Top of RECORDS FOR THIS EXERCISE
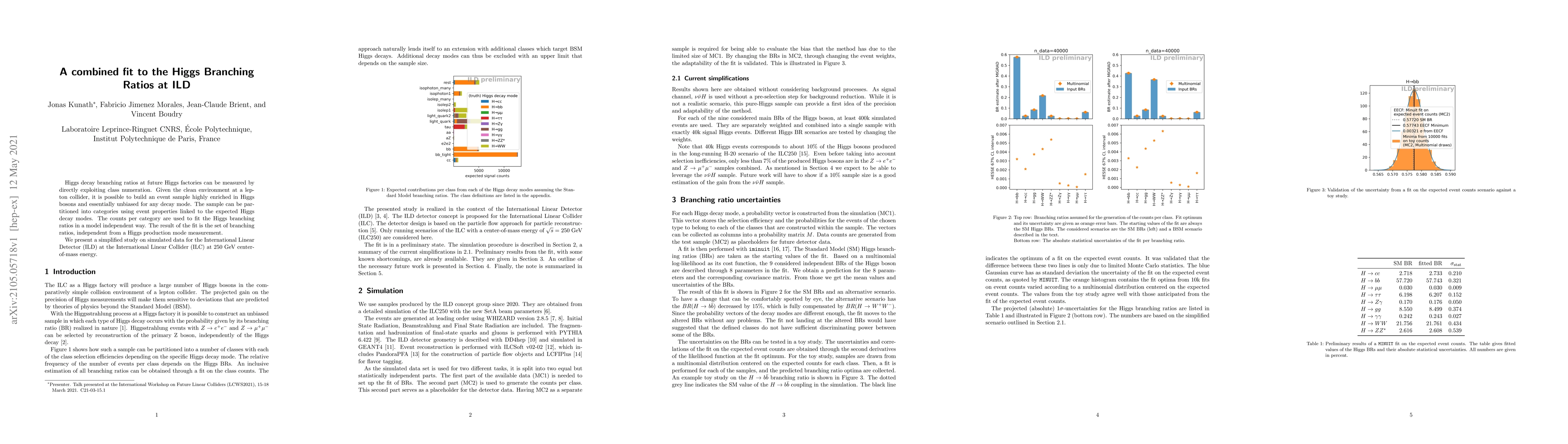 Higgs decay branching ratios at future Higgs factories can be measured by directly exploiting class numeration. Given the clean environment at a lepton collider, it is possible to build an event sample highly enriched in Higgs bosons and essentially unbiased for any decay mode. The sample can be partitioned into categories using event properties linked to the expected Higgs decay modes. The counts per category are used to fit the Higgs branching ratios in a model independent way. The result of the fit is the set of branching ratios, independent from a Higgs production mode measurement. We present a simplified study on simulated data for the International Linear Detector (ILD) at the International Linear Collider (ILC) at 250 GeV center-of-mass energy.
Bottom of RECORDS FOR THIS EXERCISE
Top of RECORDS FOR THIS EXERCISE
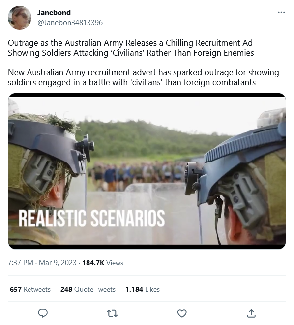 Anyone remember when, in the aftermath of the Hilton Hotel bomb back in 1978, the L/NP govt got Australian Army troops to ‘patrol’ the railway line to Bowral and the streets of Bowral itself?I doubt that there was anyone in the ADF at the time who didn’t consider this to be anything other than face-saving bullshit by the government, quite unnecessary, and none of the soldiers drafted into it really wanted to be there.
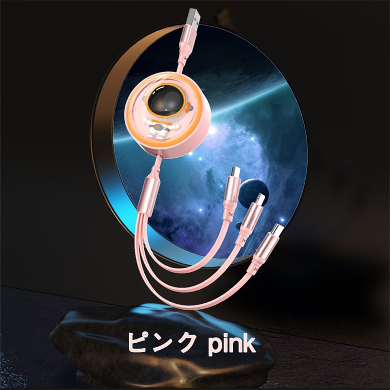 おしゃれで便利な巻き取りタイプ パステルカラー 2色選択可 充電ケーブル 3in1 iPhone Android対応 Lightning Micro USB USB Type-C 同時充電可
Bottom of RECORDS FOR THIS EXERCISE
ACTIVITY:
In the listing above, find the line containing "Anyone remember when, in" and the line containing "おしゃれで便利な巻き取りタイプ パステルカラー 2色選択可"; print those lines and every line between them exactly, leaving out pictures.

TASK ANSWER:
 Anyone remember when, in the aftermath of the Hilton Hotel bomb back in 1978, the L/NP govt got Australian Army troops to ‘patrol’ the railway line to Bowral and the streets of Bowral itself?I doubt that there was anyone in the ADF at the time who didn’t consider this to be anything other than face-saving bullshit by the government, quite unnecessary, and none of the soldiers drafted into it really wanted to be there.
 おしゃれで便利な巻き取りタイプ パステルカラー 2色選択可 充電ケーブル 3in1 iPhone Android対応 Lightning Micro USB USB Type-C 同時充電可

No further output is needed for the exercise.